O povo não precisa saber do Tikkun e da Grande Sinagoga
Capítulo 1 de 1
O esquife fora presente de Leon Lagun, outrora o alto-comissário, em Adventitia, território dominado por remanescentes do Commonwealth, longínqua região fechada, próxima ao litoral, que poucos tinham acesso. Lugan chorava copiosamente aos pés do defunto. Dr. Borges o havia curado de sequentes pneumonias quando retornou a Azul. “Médico insubstituível”, repetia fungando, esquálido e dramático como sempre - desde mancebo. O jovem médico, Biano Kandinsky, não intimidou-se, mas sabia que o teatro de Lugan atraia os olhares dos presentes no velório. A saúde de Azul estava aos seus cuidados agora. Aquela gente vivia avariada fisicamente ou, hipocondríacas, inventavam dores para chamar atenção, às vezes açoitadas pelo medo assolador desde a derradeira epidemia responsável pela depopulação (300 mil habitantes para 200mil). A epidemia estava no imaginário do povo como monstro com o instrumento ceifador, ninguém sequer mencionava explicitamente. O ar era úmido e frio, favorecia a doenças respiratórias, a cada acesso de virose, morria um ou dois de pânico. Dr.Kandinsky oficialmente trabalhou com o velho Dr. Borges por 1 ano, após a formação. Não estava durante a epidemia. Conhecia bem os rostos o fitando na cerimônia fúnebre do extinto. Azul tinham curandeiros, parteiras, dois botânicos também formados no exterior. Não obstante, a alçada de médico clínico e cirurgião, agora, somente o charmoso e dedicado Biano exercia. Natural da Colina Sul, sua formação médica , por dez anos, foi longe de casa, lhe rendeu conhecimentos ocultos do mundo ao largo da ignorância azulista. A autoridade maior, Nathanaelo
Venilli duPont, custeou-lhe os estudos, pois a família era uma das cultivadoras de beterraba preta, humilde, agraciada por um filho inteligente, dedicado e ajudante, quando ainda adolescente, dos curandeiros e também do Dr Borges, no único hospital, antes mesmo da sua formação. Senhor Nathan duPont deixara bem claro: “Aplique todo teu conhecimento, porém cala-te do que viu e soube lá fora. Nosso povo não precisa saber do Tikkun e da Grande Sinagoga. A ignorância os protege e faz bem ao coração, você terá menos trabalho, consequentemente”.

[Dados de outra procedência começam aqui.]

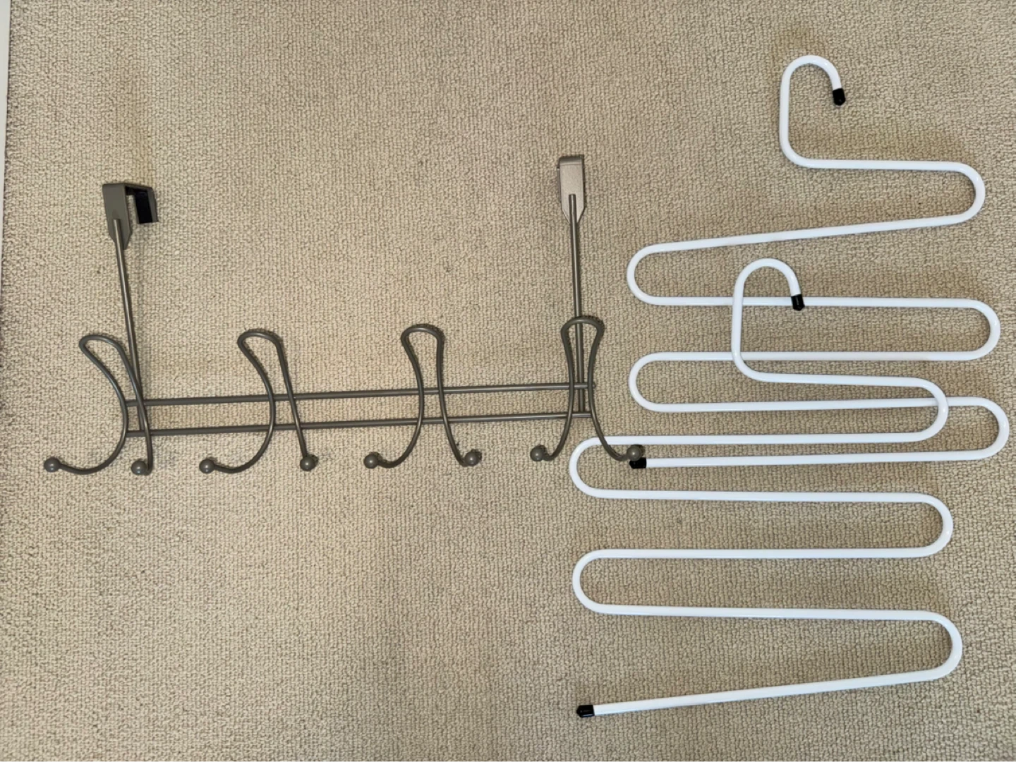 802Declutter your space with these handy organizers! I have an over-the-door hook rack, perfect for hanging coats, hats, or bags. Two multi-layer pants hangers to keep your wardrobe tidy and wrinkle-free. Take all for $10 cash.

Eu estava na cerimônia, mas não acompanhei o cortejo. O cemitério era “zona proibida” desde a epidemia. Só os coveiros transitavam por lá e viviam estigmatizados, eram como párias. Minhas costas doíam e o trajeto me seria custoso. Biano perguntou-me como me sentia. Minha saúde deteriorara-se, estava velho e cansado, ele escrutou meu diagnóstico. Poderia ser eu o próximo num esquife na caverna de cerimônia fúnebre ou simplesmente me jogariam direto na cova. Nunca fui importante e duPont me olhava de viés: “O velho sabe demais. Maldito mascate”.

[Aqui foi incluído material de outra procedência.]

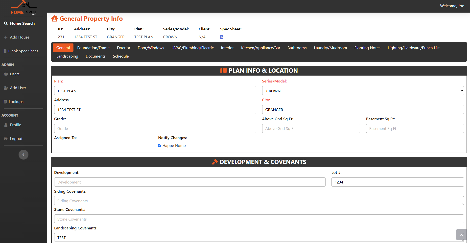 Home Spec PRO is a powerful software solution designed specifically for custom home builders. It helps manage and track every detail involved in the homebuilding process — from materials and floor plans to vendor selections, timelines, and client preferences. With Home Spec PRO, builders can stay organized, reduce costly mistakes, and ensure nothing falls through the cracks, making custom home projects smoother and more efficient from start to finish. Contact us today to schedule a free demo and get customized pricing for your team.

Biano me queria bem. Tornou-se belo homem! Alto, de feições dos perdidos escandinavos, olhos e cabelos escuros, olhar inteligente, porte esguio e espírito afável. Entre nós havia amizade e o segredo: “Eu também sabia do Tikkun e da Sinagoga” Como mascate, conheci quem perscrutou o Reino de Zion, a Sinagoga de Satanás e a ameaça após o cataclismo causado por eles para retificar o mundo. Nós éramos a sujeira gentia remanescente: Azul, Adventitia, os Asius, os Arabacis e todos netos dos netos dos sobreviventes, dois milhões ou um pouco mais de seres humanos, padecendo no mundo contaminado pela escuridão. A despeito da ignorância dos Azulistas, alguns sabiam. Dr Kandinsky era um deles.